# DATA BLOCK
· · ·

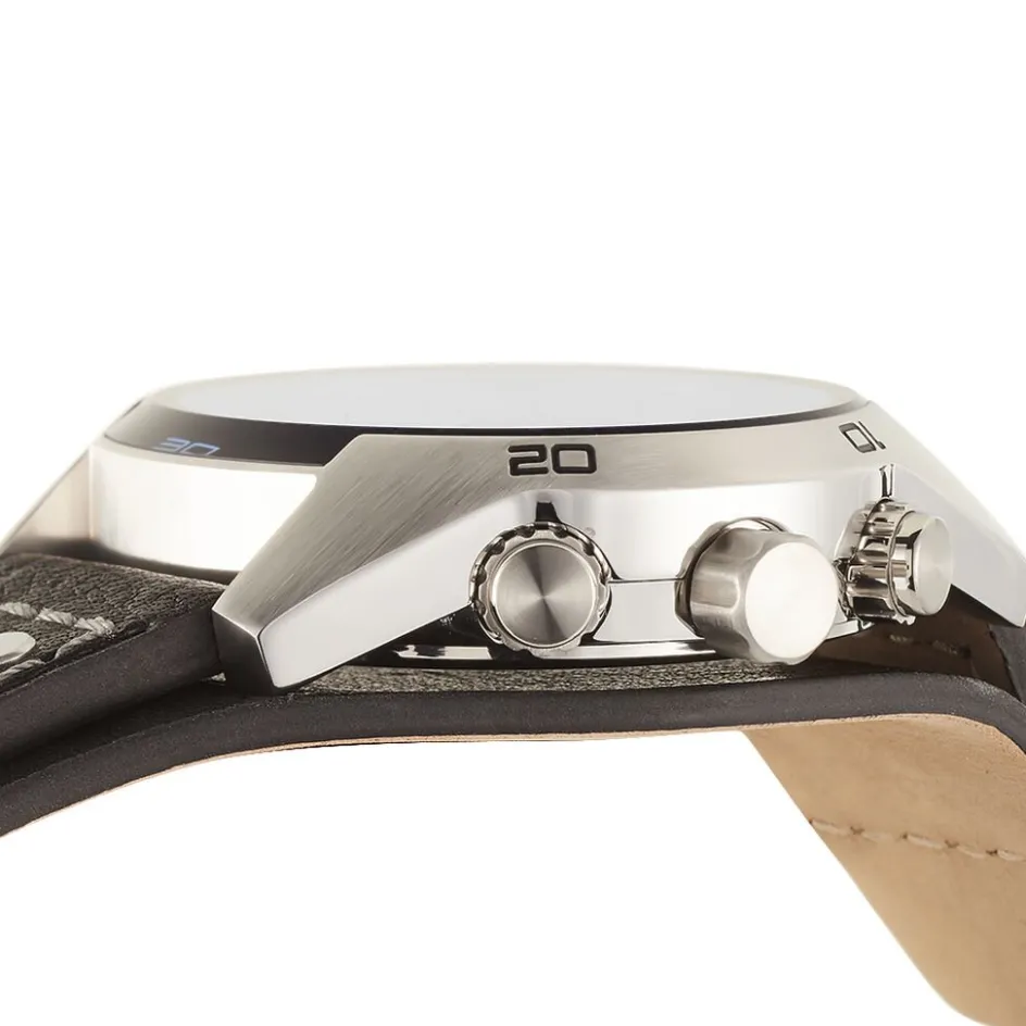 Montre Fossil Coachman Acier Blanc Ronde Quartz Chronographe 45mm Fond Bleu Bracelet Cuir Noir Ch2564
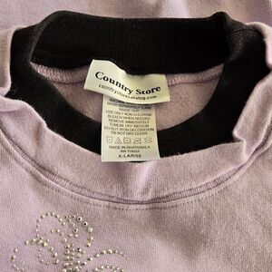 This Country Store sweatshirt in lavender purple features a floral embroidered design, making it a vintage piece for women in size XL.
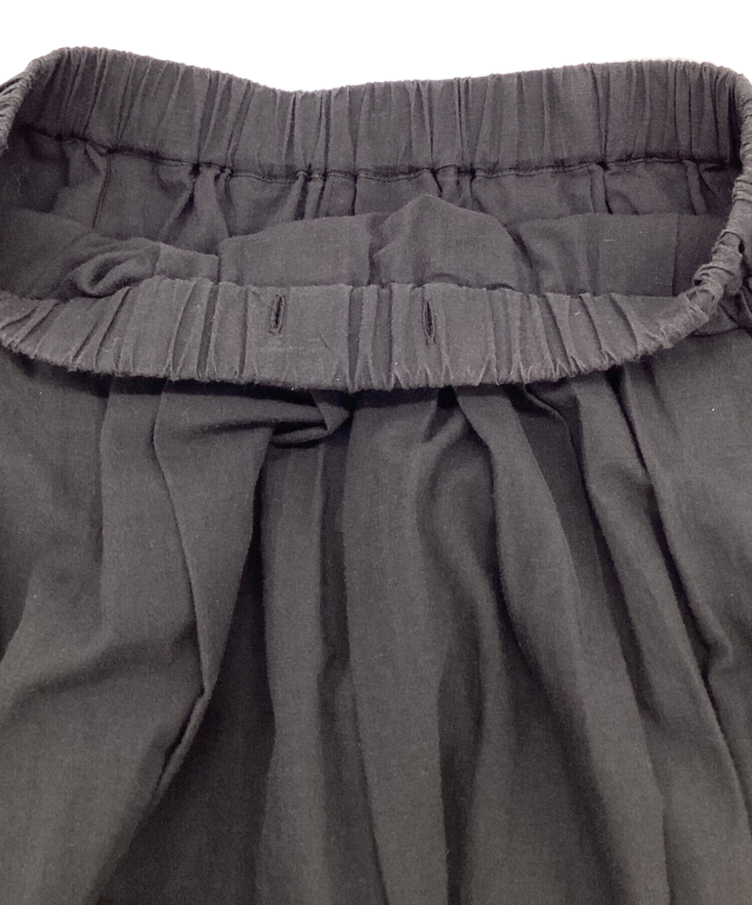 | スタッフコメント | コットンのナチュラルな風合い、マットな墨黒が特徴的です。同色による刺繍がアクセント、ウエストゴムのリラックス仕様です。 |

· · ·

# WHAT YOU ARE ASKED TO DO
Could you repeat all of the data exactly, minus the pictures?

# SOLUTION TO THIS TASK
 Montre Fossil Coachman Acier Blanc Ronde Quartz Chronographe 45mm Fond Bleu Bracelet Cuir Noir Ch2564
 This Country Store sweatshirt in lavender purple features a floral embroidered design, making it a vintage piece for women in size XL.
 | スタッフコメント | コットンのナチュラルな風合い、マットな墨黒が特徴的です。同色による刺繍がアクセント、ウエストゴムのリラックス仕様です。 |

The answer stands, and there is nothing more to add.